- **What is expected**:
Copy exactly the lines from the one containing "บ้านสไตล์ Neo Modern" through the last line of the records below, both included, and leave out the pictures.

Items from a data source
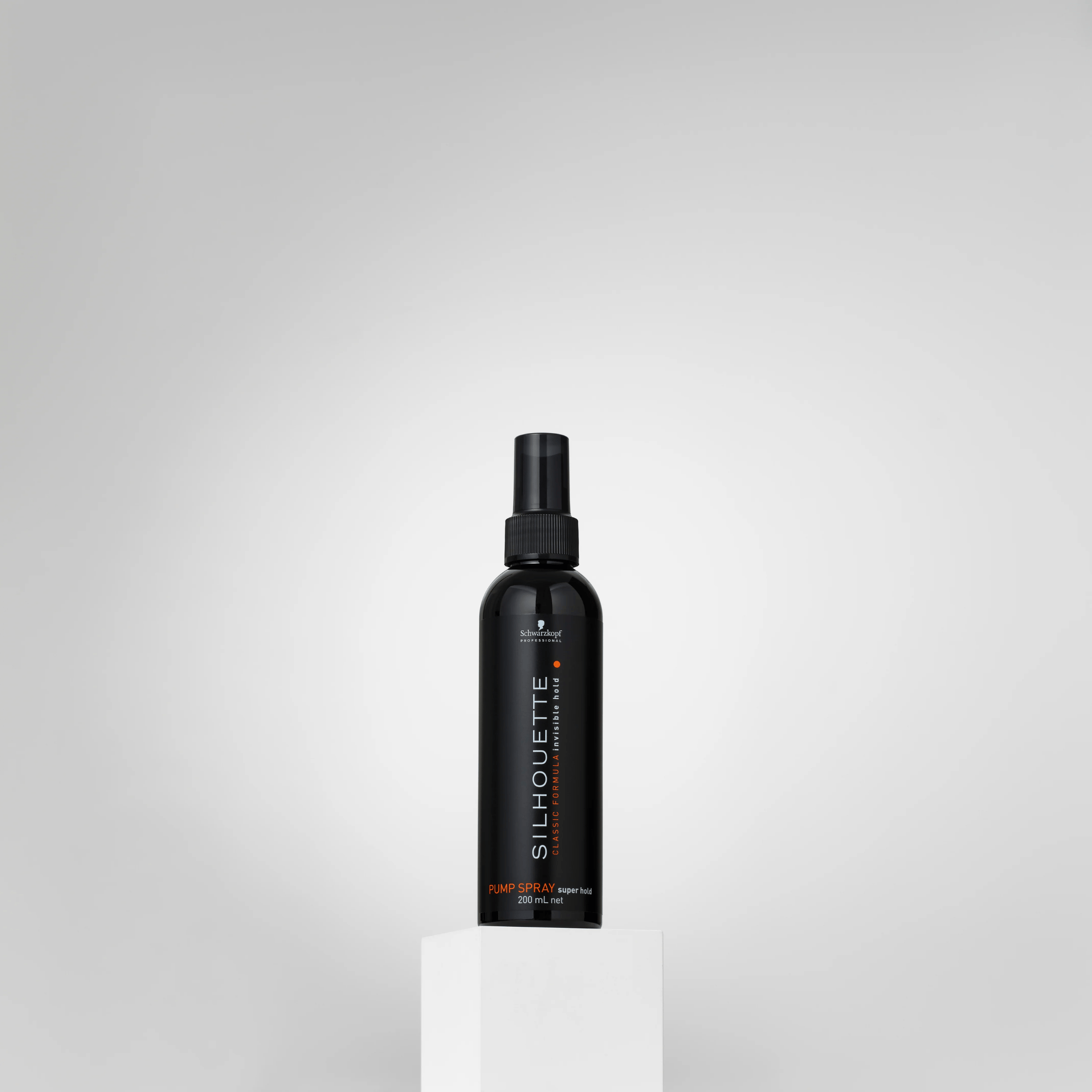 Schwarzkopf Silhouette Super Hold Pumpspray geeft een super strong hold terwijl glans en vitaliteit behouden blijven. De spray vormt een fijn micro laagje rond het haar voor maximaal volume en een langdurig resultaat, zonder dat het haar belast wordt. Schwarzkopf Silhouette Pumpspray Super Hold plakt niet en is gemakkelijk om het gelijkmatig over het haar te verdelen.
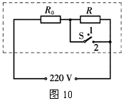 7.CFXB型“220V 1100W”电饭煲的原理图如图10所示,它有高温烧煮和焖饭、保温两挡,通过单刀双掷开关S进行调节,R0为电热丝.当开关S接高温烧煮挡时,电路的功率为1100W,当开关S接焖饭、保温挡时,电路的总功率为22W.
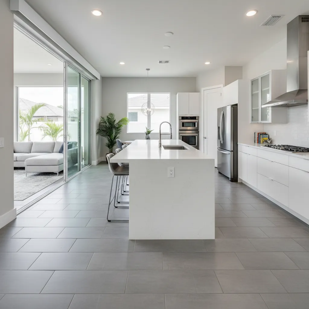 ontemporary large format porcelain tile in sophisticated gray tones delivers seamless modern kitchen floors throughout Florida homes. Matte finish provides slip resistance while 24x48 plank format minimizes grout lines for easy cleaning. Waterproof porcelain handles Florida kitchen spills, humidity, and heavy foot traffic effortlessly.
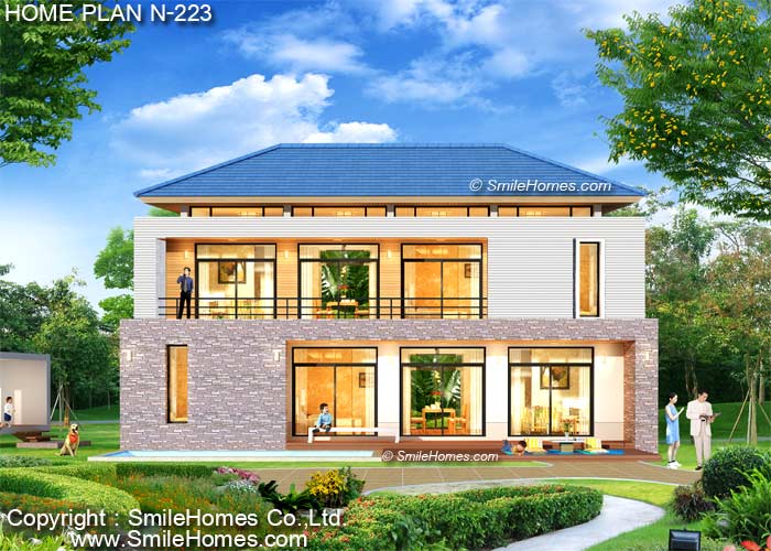 บ้านสไตล์ Neo Modern เป็นแบบบ้านอยู่สบาย ใกล้ชิดธรรมชาติ เน้นการประหยัดพลังงาน เป็นบ้านยกระดับจากพื้นดิน 0.50 ม. ใช้เป็นบ้านพักอาศัย, เป็นเรือนพักผ่อนในสวน หรือริมเชิงเขา, เรือนริมน้ำ, เรือนรับรอง หรือทำเป็น Resort สำหรับให้เช่าได้ เป็นบ้าน 2 ชั้น มี 5 ห้องนอน 5 ห้องน้ำ รูปทรงภายนอกเป็นสไตล์ Neo Modern ดูทันสมัย สวยงาม ชั้นล่างตกแต่งผิวภายนอกด้วยหินธรรมชาติ ชั้นบนแต่งผิวด้วนแผ่นไม้เทียม และยกฝ้าเพดานสูงถึง 3.6 ม. มีช่องแสง Sky-Light ด้านบน หลังคาเป็นทรงปั้นหยา ที่ดูทันสมัย ชั้นล่างด้านหน้าเป็นเฉลียงนั่งเล่น นอกชานขนาดใหญ่ ภายในมีส่วนรับแขกโปร่งโล่ง ต่อเนื่องกับ ส่วนทานอาหาร มีห้องนอน พร้อมห้องน้ำในตัว และส่วนเตรียมอาหาร Pantry พร้อมส่วนครัวด้านหลัง มีเฉลียงนั่งเล่นนอกชานขนาดใหญ่ด้านหลัง ชั้นบนมีห้องนั่งเล่นขนาดใหญ่ และระเบียงใหญ่ด้านข้าง มีห้องนอนขนาดใหญ่ 2 ห้อง ที่มีส่วนแต่งตัว พร้อมห้องน้ำภายใน และห้องนอนขนาดกลางอีก 1 ห้อง พร้อมห้องน้ำส่วนตัว มีห้องพระด้านหลัง และส่วนทางเดินด้านหลังทำเป็นโถงห้องสมุด ทำเป็นตู้หนังสือขนาดใหญ่ สูงจากพื้นถึงฝ้าเพดานได้
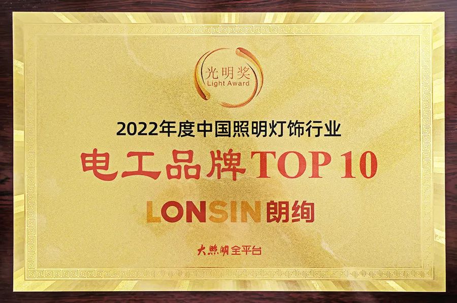 旗下電工品牌朗絢LONSIN,憑借良好的品牌形象,精細的生產(chǎn)工藝,持續(xù)的創(chuàng)新能力,獲得“2022‘光明獎’電工品牌TOP 10”榮譽稱號。
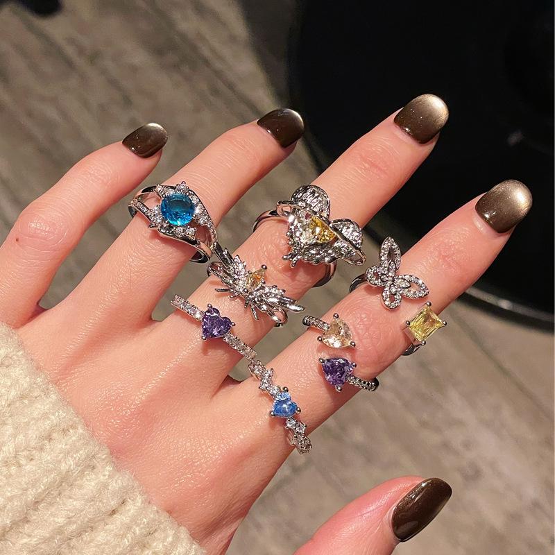 Light Luxury High-End Love Color Treasure Series Zir*****Pen Ring Niche Full Of Diamonds Personality Exquisite Elegant Ring Woman
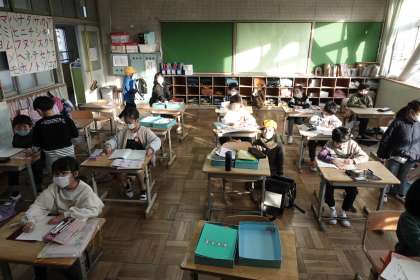 朝の準備をする1年生です。いつも気持ちのいい挨拶をしてくれます。
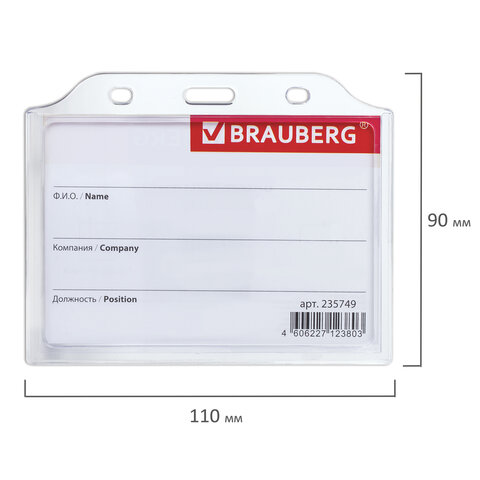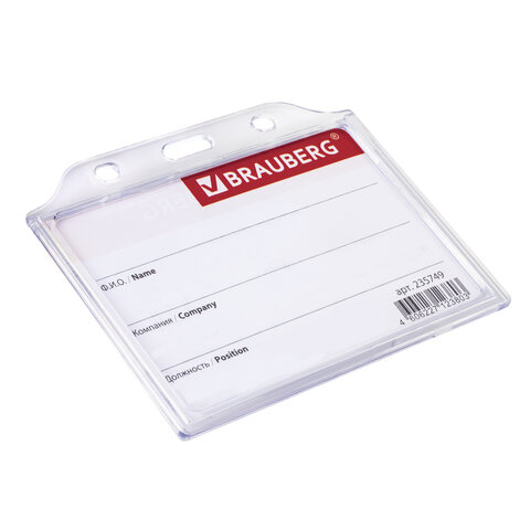 Горизонтальный бейдж BRAUBERG для именной карточки предназначен для идентификации сотрудников в компаниях, а также на семинарах, тренингах, презентациях и других мероприятиях.

- **The completed task**:
 บ้านสไตล์ Neo Modern เป็นแบบบ้านอยู่สบาย ใกล้ชิดธรรมชาติ เน้นการประหยัดพลังงาน เป็นบ้านยกระดับจากพื้นดิน 0.50 ม. ใช้เป็นบ้านพักอาศัย, เป็นเรือนพักผ่อนในสวน หรือริมเชิงเขา, เรือนริมน้ำ, เรือนรับรอง หรือทำเป็น Resort สำหรับให้เช่าได้ เป็นบ้าน 2 ชั้น มี 5 ห้องนอน 5 ห้องน้ำ รูปทรงภายนอกเป็นสไตล์ Neo Modern ดูทันสมัย สวยงาม ชั้นล่างตกแต่งผิวภายนอกด้วยหินธรรมชาติ ชั้นบนแต่งผิวด้วนแผ่นไม้เทียม และยกฝ้าเพดานสูงถึง 3.6 ม. มีช่องแสง Sky-Light ด้านบน หลังคาเป็นทรงปั้นหยา ที่ดูทันสมัย ชั้นล่างด้านหน้าเป็นเฉลียงนั่งเล่น นอกชานขนาดใหญ่ ภายในมีส่วนรับแขกโปร่งโล่ง ต่อเนื่องกับ ส่วนทานอาหาร มีห้องนอน พร้อมห้องน้ำในตัว และส่วนเตรียมอาหาร Pantry พร้อมส่วนครัวด้านหลัง มีเฉลียงนั่งเล่นนอกชานขนาดใหญ่ด้านหลัง ชั้นบนมีห้องนั่งเล่นขนาดใหญ่ และระเบียงใหญ่ด้านข้าง มีห้องนอนขนาดใหญ่ 2 ห้อง ที่มีส่วนแต่งตัว พร้อมห้องน้ำภายใน และห้องนอนขนาดกลางอีก 1 ห้อง พร้อมห้องน้ำส่วนตัว มีห้องพระด้านหลัง และส่วนทางเดินด้านหลังทำเป็นโถงห้องสมุด ทำเป็นตู้หนังสือขนาดใหญ่ สูงจากพื้นถึงฝ้าเพดานได้
 旗下電工品牌朗絢LONSIN,憑借良好的品牌形象,精細的生產(chǎn)工藝,持續(xù)的創(chuàng)新能力,獲得“2022‘光明獎’電工品牌TOP 10”榮譽稱號。
 Light Luxury High-End Love Color Treasure Series Zir*****Pen Ring Niche Full Of Diamonds Personality Exquisite Elegant Ring Woman
 朝の準備をする1年生です。いつも気持ちのいい挨拶をしてくれます。
 Горизонтальный бейдж BRAUBERG для именной карточки предназначен для идентификации сотрудников в компаниях, а также на семинарах, тренингах, презентациях и других мероприятиях.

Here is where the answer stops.